> [Work required]: Your answer should be a single number: the count of lines in the entries below that contain "National".

> [Collected data]:
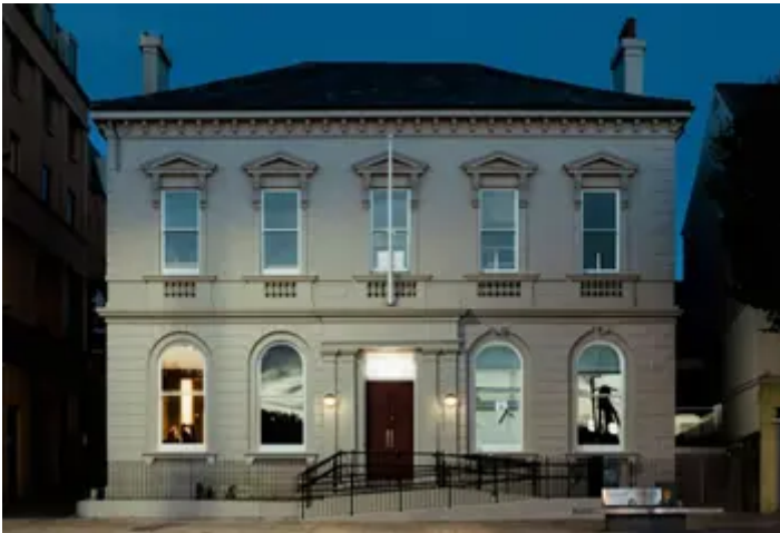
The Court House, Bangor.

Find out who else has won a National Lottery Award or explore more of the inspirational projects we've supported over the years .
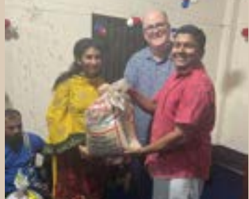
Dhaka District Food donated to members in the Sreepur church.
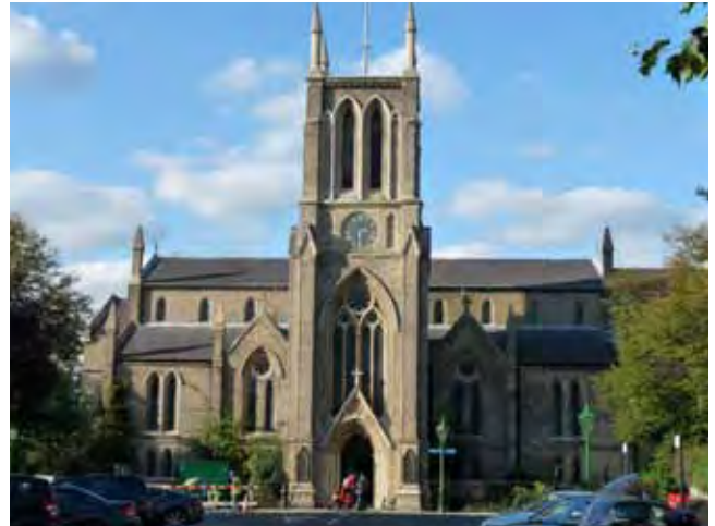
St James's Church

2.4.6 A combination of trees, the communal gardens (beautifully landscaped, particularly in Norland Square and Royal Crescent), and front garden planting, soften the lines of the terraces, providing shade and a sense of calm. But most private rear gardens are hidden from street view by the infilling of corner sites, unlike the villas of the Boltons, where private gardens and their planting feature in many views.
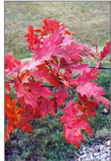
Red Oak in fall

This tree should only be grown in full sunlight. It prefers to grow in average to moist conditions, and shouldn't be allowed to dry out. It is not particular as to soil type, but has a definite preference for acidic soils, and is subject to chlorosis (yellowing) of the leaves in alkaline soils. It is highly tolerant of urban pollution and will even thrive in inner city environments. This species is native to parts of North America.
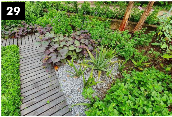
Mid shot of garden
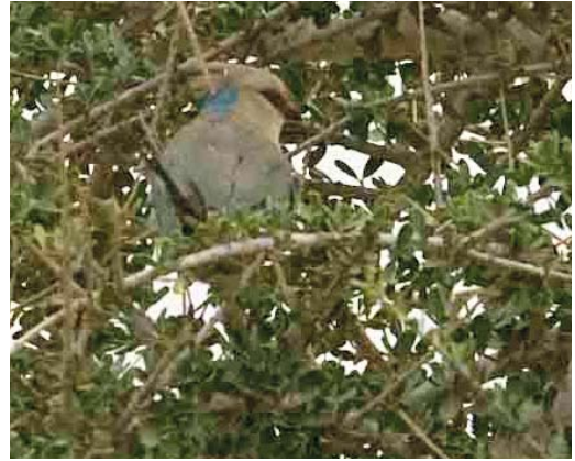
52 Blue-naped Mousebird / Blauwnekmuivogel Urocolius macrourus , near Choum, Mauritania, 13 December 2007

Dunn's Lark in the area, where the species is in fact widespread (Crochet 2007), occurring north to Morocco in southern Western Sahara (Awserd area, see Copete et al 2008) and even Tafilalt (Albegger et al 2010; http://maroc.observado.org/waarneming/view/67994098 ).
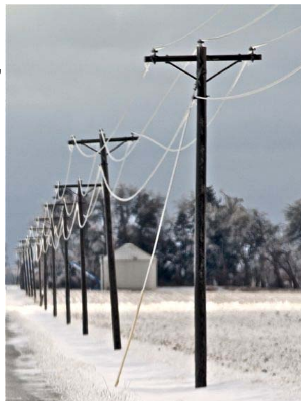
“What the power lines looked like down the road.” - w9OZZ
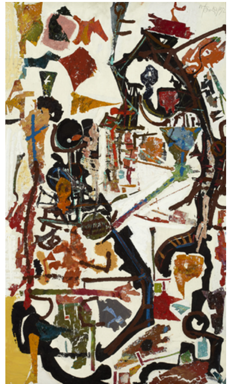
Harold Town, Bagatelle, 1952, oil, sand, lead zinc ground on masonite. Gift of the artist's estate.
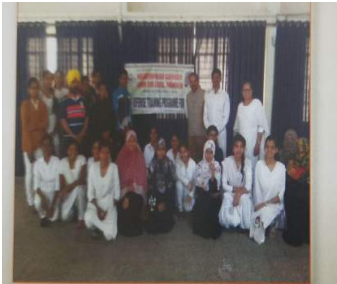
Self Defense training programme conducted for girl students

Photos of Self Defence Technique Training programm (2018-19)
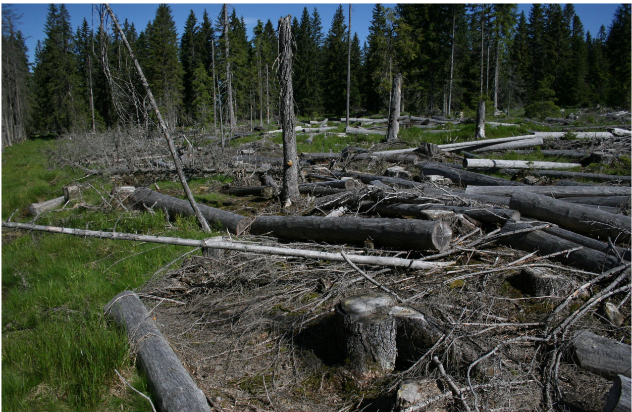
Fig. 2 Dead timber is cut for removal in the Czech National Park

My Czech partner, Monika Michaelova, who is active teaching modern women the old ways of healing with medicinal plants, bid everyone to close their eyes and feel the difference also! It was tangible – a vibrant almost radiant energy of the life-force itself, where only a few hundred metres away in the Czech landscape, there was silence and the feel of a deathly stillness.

> [Finished task]: 2